Un calcul administratif qui blesse parfois les gens du quartier, fatigués d'être catalogués comme des «pauvres». Mais personne ne nie la réalité.

Avant d'enseigner des notions de français ou de mathématiques, les enseignants ont toujours à l'esprit le bien-être physique des enfants.

«Entre le 20 et le 1er de chaque mois, c'est généralement plus difficile. On n'intervient pas de la même façon quand un jeune a un problème de comportement. On va d'abord s'assurer qu'il n'a pas faim, qu'il n'a pas mal à la tête», explique Sylvie Harvey, technicienne en éducation spécialisée.

Parfois, certains se questionnent pour savoir si l'école en fait trop, en déchargeant les parents au passage. «Ce n'est pas la vraie vie. Oui, on peut aider les gens, mais il faut aussi les aider à s'en sortir. En leur donnant tout, ils restent dans leur milieu», constate Nathalie Perreault, qui enseigne en 1re année.

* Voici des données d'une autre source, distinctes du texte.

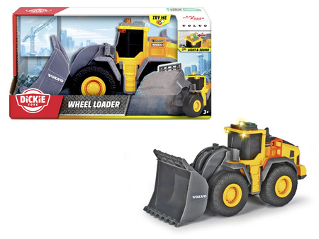 Dickie Toys Volvo spychacz ze światłem i dźwiękiem, 23 cm Spychacz z dużą łopatą to idealna zabawka dla początkujących budowniczych. Łopatę można podnieść oraz opuścić.

L'école traîne aussi une étiquette dont elle tente de se défaire. Centre-Sud a déjà été un quartier où la violence et la toxicomanie se voyaient dans les rues.

L'école est construite à proximité de l'ancienne prison Parthenais et d'un ancien repaire de motards. Dans la cour, les enseignants ont déjà séparé des parents qui se battaient.

La situation a bien changé. Il n'y a plus de bagarres à la récréation. Les élèves s'amusent plutôt avec des cerceaux et des ballons. Le moindre geste d'intimidation est vite repéré. Dans les couloirs, les élèves sont polis et souriants.

Cette bonne humeur généralisée se fait sentir jusqu'au salon du personnel. Le midi, la grande table est remplie et le local résonne de rires et de taquineries.

Dans cette joyeuse atmosphère, les parents s'y retrouvent aussi. Enfant, Karine Trudel a fréquenté l'école. Ses soeurs aussi. Son frère y est toujours. Elle ne souhaitait rien d'autre pour ses filles, en 4e année et en maternelle.

«Il y a un grand sentiment d'appartenance», dit-elle en louangeant le personnel et la directrice, ancienne enseignante de l'école.

D'un grand sourire, Julie Marisseau acquiesce. Cette mère de trois enfants, dont la plus jeune fréquente toujours l'école Champlain, s'est engagée comme bénévole pendant plusieurs années, notamment comme parent accompagnateur au karaté et pendant les sorties. «Pour nous, c'est carrément devenu une deuxième famille.»